Table of Contents
The Itch
Slash commands are explicit invocation. Subagents are delegation. Skills are the third thing: dormant capabilities that wake up when the conversation calls for them. The frontmatter description is a trigger; the rest of the directory is whatever Claude needs to fulfill it.
Drop a skill under ~/.claude/skills/<name> and Claude Code picks it up across every project. Drop it under <project>/.claude/skills/<name> and it's scoped to that one repo. No config file edits, no plugin registry. The directory is the unit.

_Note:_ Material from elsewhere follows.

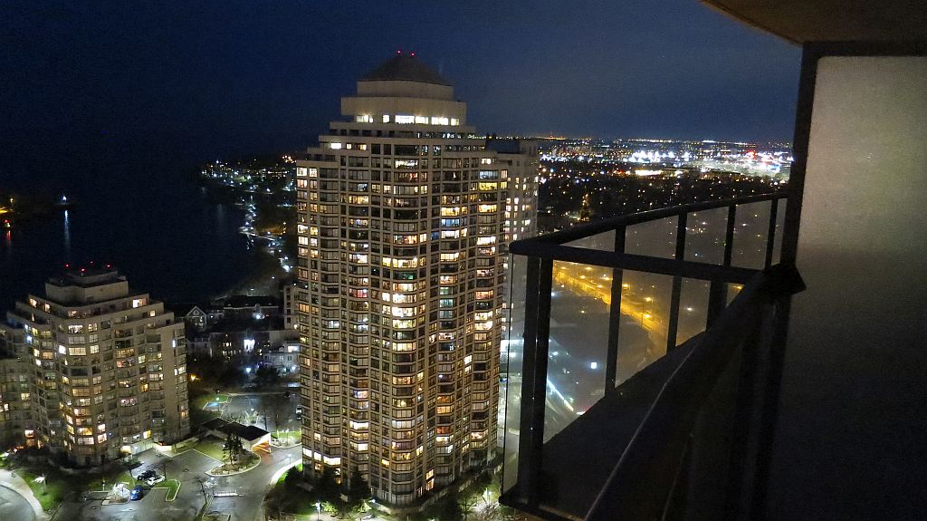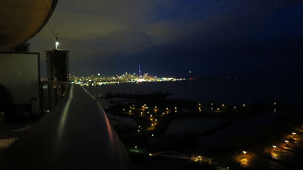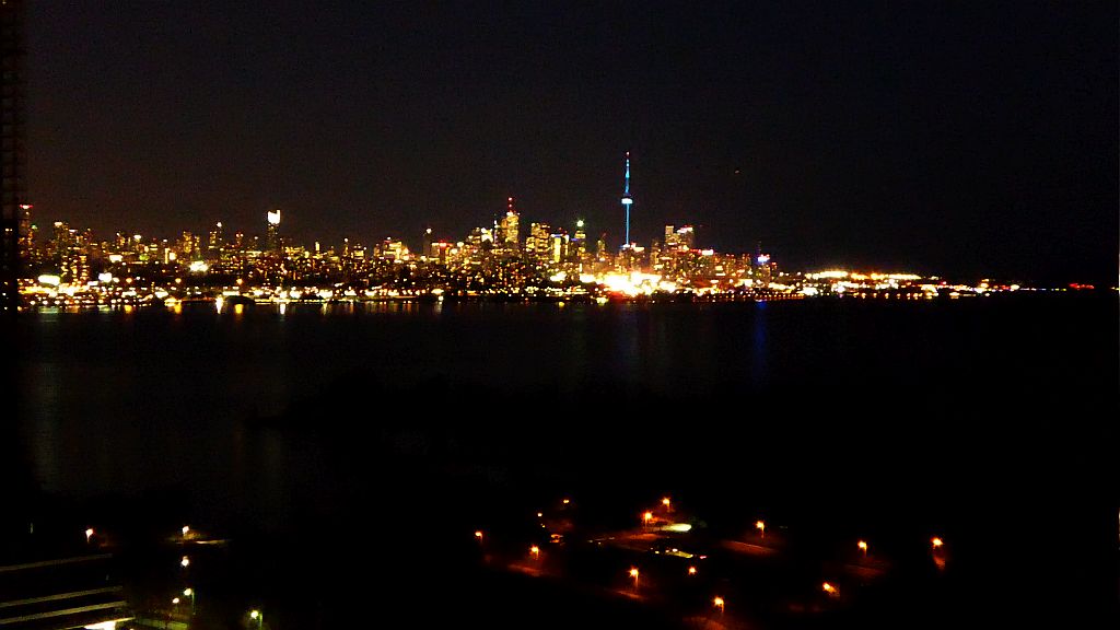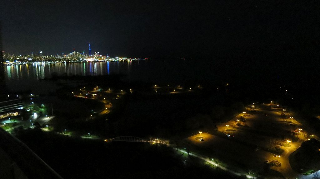 Die Suche nach der Autovermietung entpuppte sich als nächses Problem, das nur am Infostand zu lösen war. Ohne wirklich sichtbare Hinweise mußte man dann mit allen Koffern durch eine Nebentür aus dem Flughafengebäude raus und über die Strasse, wo irgendwo unten an einem Parkhaus eine kleine schäbige Hütte stand, in der ein einziger Mitarbeiter stand, der die Schlange bediente. Als ich nach einer weiteren halben Stunde endlich dran war, hatte ich hier wenigstens das zweifelhafte Glück, schon aufgrund des Vorjahresaufenthaltes in New York im Alamo System erfasst zu sein, was die Prozedur erheblich verkürzte bzw. auf das Ablehnen der ganzen Zusatzfeatures beschränkte, mit der jeder Urlauber über den Tisch gezogen werden soll. Dank unseres mitgebrachten Navis waren wir deshalb in weniger als einer halben Stunde am Zielort, trotzdem zweieinhalb Stunden nach unserer Ankuft, wo es mittlerweile dunkel wurde und sich im 30. Stock ein herrlicher Ausblick auf die Nachbarschaft und die Skyline von Toronto bot.

This post walks two skills I use every day. One turns any content into spoken audio. The other lets me drive coding sessions from my phone over Slack or iMessage when I'm away from the keyboard. Both are open source. Both fit in one directory. Both teach a pattern you can lift.
What a Skill Actually Is
A skill is a directory containing a SKILL.md with YAML frontmatter, plus any scripts or reference docs it needs to execute.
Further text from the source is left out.